Подтверждает ли оно Толстого?

Впрочем, вернемся к Трущеву. Верхним пределом человеческих возможностей, по его мнению, является отыскание согласия между этими метафизическими понятиями, хранящимися в душе. Только очень немногие святые сумели добраться до этой границы.

Рылеев, по-видимому, придерживался той же точки зрения. Он выразился в том смысле, что никакие воспоминания, тем более роман о Булгакове, немыслимы без обращения к биографии Петробыча, который «тоже начудил немало».

Он закурил, потом положил папиросу в толстенную, под хрусталь, стеклянную пепельницу.

– В любом случае, соавтор, тебе не избежать обращения к биографическим подробностям. Я ни в коем случае не призываю скатываться в банально-сравнительное жизнеописание двух исторических персонажей, но рекомендую придерживаться проверенной временем установки – судьба каждого из них является как бы своеобразным зеркалом, в котором многомерно отразился не только его визави, но и правда эпохи.

Я не смог сдержать ухмылку.

Он рекомендует!..

Рылеев подчеркнул.

– Как, по какой причине Сталин и Булгаков оказались на одной исторической оси, какая сила поставила их лицом друг к другу, сказать не могу. Документы об этом умалчивают.

Так бывает, дружище.

Историческое местоположение выпало нашим героям как данность, в котором надо было не только существовать, но и действовать.

Но прежде всего выжить!

То есть не только не уйти в небытие по чужой воле, но, как бы ни было тяжело, любой ценой оставаться на сцене и до конца отыграть свою роль!

Это тяжкий жребий, приятель. Не каждому по плечу.

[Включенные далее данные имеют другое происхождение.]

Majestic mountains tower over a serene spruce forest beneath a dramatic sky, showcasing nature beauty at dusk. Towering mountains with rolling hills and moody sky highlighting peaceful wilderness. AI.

Что касается подробностей?..


Юрий Лукич сделал паузу, затем, будто мысленно заглянув в историческое зазеркалье, продолжил:

– Вкратце события начала 20-х годов, их общий фон, сводятся к тому, что весной двадцать первого – как раз когда Булгаков едва унес ноги из Владикавказа – Сталин едва не отдал Богу душу.

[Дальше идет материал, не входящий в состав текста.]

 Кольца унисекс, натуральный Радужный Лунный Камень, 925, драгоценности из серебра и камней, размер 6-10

Глядя в мои изумленные глаза, веско добавил:

– Именно так, ни больше ни меньше.

Рылеев дал мне время переварить сказанное.

– В марте у Петробыча случился приступ перитонита. С этой хворью тогда шутки были плохи, ведь антибиотиков не существовало. Операцию делали в знаменитой Солдатенковской больнице. Операция была очень тяжелая – помимо удаления аппендикса пришлось сделать широкую резекцию слепой кишки, и никто из врачей не ручался за исход.

Каким образом Сталин выжил, наука умалчивает.

После сытной затяжки Рылеев продолжил:

– По свидетельству лечащего врача, Ленин по два раза на день, утром и вечером, звонил по прямому проводу. Причем Предсовнаркома не просто справлялся о здоровье «чудесного грузина», но и требовал от Розанова самого тщательного и обстоятельного доклада о состоянии пациента и принятых мерах.

Рылеев еще раз глубоко затянулся.

– Ленина очень беспокоило состояние здоровья Петробыча, прирученного им еще в пору начала революционной деятельности. Понятно почему?

Я отрицательно покачал головой.

– После Кронштадтского мятежа, после X съезда РКП(б), взявшего курс на новую экономическую политику, и нарастания давления Троцкого на верховные органы партии, жизнь Сталина и связанный с этим расклад сил в Политбюро приобретал существенное политическое значение. По этой причине Ильич решительно поддержал Розанова, запретившего пациенту браться за работу до тех пор, пока больной, сумевший выкарабкаться с того света, не восстановит силы. Именно Ленин решительно настоял на отпуске, который должен был незамедлительно предоставлен члену правительства и секретарю ЦК.

В июне двадцать первого Петробыча отправили в Нальчик на долечивание, но как всегда бывает в реальных историко-революционных сюжетах, один из его лучших друзей Серго Орджоникидзе, несмотря на строжайший запрет Ильича, вытащил еще не оправившегося после болезни Сталина из Нальчика в Тифлис, где только что установилась советская власть и нерешенных вопросов было хоть пруд пруди. Особенно возмущали товарища Серго происки местных коммунистов, настаивавших на реальном и полном суверенитете присоединенной к РСФСР республики.